В реанимации нам потребовалась помощь шести человек, чтобы переложить мужчину из кресла на койку. Одна из медсестер, которая начала оказывать ему помощь еще в отделении и пришла с нами оттуда, сказала, что ему около сорока лет и что накануне он жаловался на кровотечение из прямой кишки, но оно было слабым и никогда до этого у него не наблюдалось. Его планировали выписать позже в этот же день. Медсестра уже позвонила его жене, которая сейчас ехала в больницу, думая, что отправится домой вместе с мужем.
Мужчина, который все это время находился в полубессознательном состоянии, начал приходить в себя. Но в этом не было ничего хорошего. Он пребывал в состоянии шока и неудержимо бредил. Он начал разбрасывать окружающие его предметы и вырывать катетеры из вен руки. Он был невероятно силен, и для того, чтобы удержать его, на каждую из его конечностей требовалось по одному человеку. Нам быстро стало понятно, что для пациента велик риск удушья и что мы не можем гарантировать проходимость его дыхательных путей без проведения интубации и подключения к аппарату искусственной вентиляции легких.
Я пробрался к изголовью кровати и одной рукой зафиксировал его голову. Он смотрел мне прямо в глаза, недовольно кряхтя через полотенце во рту, которое не давало ему прикусить язык. Артериальное давление падало – он потерял почти половину общего объема крови. Он был в очень большой беде. Я быстро отвел взгляд от пациента в поисках оборудования, необходимого для проведения интубации. Медсестра на другом конце комнаты держала огромный зеленый ящик, настолько прочный, что он смотрелся бы уместно в каком-то бомбоубежище. Там лежало все необходимое. Под контролем стоящего рядом со мной врача-куратора я выбрал подходящий по размеру ларингоскоп, который, по сути, является большим металлическим шпателем для удержания языка, и раскрыл его, придав ему рабочую Г-образную форму. Все это время я прокручивал в голове свои дальнейшие действия. Я уже проводил пациентам интубацию, но никогда не делал этого в настолько нервной обстановке. Мой куратор, анестезиолог с повадками магистра-джедая, встал рядом, без малейших колебаний уступив мне ларингоскоп. Почти любой на его месте засомневался бы и сделал интубацию сам, вместо того чтобы ждать, пока ученик наломает дров, – но только не он.

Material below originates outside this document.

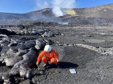 On November 24, a USGS Hawaiian Volcano Observatory helicopter overflight was able to land on the floor of Halema‘uma‘u crater for scientists to collect a sample of cooled lava from a recent overflow of the Kīlauea summit eruptive vents. These overflows—silvery in color when this fresh, as seen on the left of this image—have been erupting intermittently in advance of a likely thirty-seventh lava fountaining episode for the eruption in the coming days. This specific overflow had erupted on November 22 and was no longer emitting much external heat, but the scientists still used water to quench the warm flow interior before transport. Sampling within Halema‘uma‘u, which is done with permission from Hawai‘i Volcanoes National Park, allows for near real-time geochemical analyses, which provide information on the magma plumbing system below. These data inform our understanding of the hazards associated with the ongoing eruption. USGS photo by M. Zoeller.

Вставить трубку в горло другого человека – это гораздо сложнее, чем может показаться со стороны. Меньше всего вы бы хотели (хотя это происходит достаточно часто) пройти через пищевод пациента в его желудок, вместо того чтобы попасть в трахею, которая ведет к легким. Путь вам будет преграждать язык, корень которого располагается гораздо глубже, чем вы думаете. Затем вы столкнетесь с небольшой проблемой в виде надгортанника – напоминающей крышку люка мембраны, которая закрывает трахею и не дает пище попадать в дыхательные пути, когда мы разговариваем или дышим. А после того как вы преодолели надгортанник, вам еще нужно миновать голосовые связки, которые колышутся, подобно занавесу, прямо на самом верху трахеи.
Стоя у изголовья пациента и глядя на его перевернутое лицо, я подал знак медсестре, которая держала шприц, полный похожей на молоко эмульсии пропофола, чтобы она начинала введение препарата для анестезии. Даже в разгар всей этой неразберихи она действовала безупречно аккуратно, сначала промыв катетер физиологическим раствором, затем введя анестетик и вновь промыв катетер. После пропофола мы продолжили удерживать пациента, ожидая того момента, когда его мышцы расслабятся. Через две минуты мы поняли, что тут потребуется более сильнодействующее вещество, и поэтому ввели расслабляющий мышцы миорелаксант. Голова мужчины, дергавшаяся под моей рукой, наконец свободно откинулась; его глаза, которые с невыразимым вызовом были направлены прямо на меня, теперь смотрели в потолок. Все отпустили пациента; он обмяк и перестал дышать, так что специалист по респираторной поддержке начал подавать ему кислород через маску. Как только уровень кислорода в крови пациента достиг отметки в 100 %, началась гонка: у меня были лишь секунды, чтобы провести интубацию до того, как содержание кислорода начнет опасно снижаться.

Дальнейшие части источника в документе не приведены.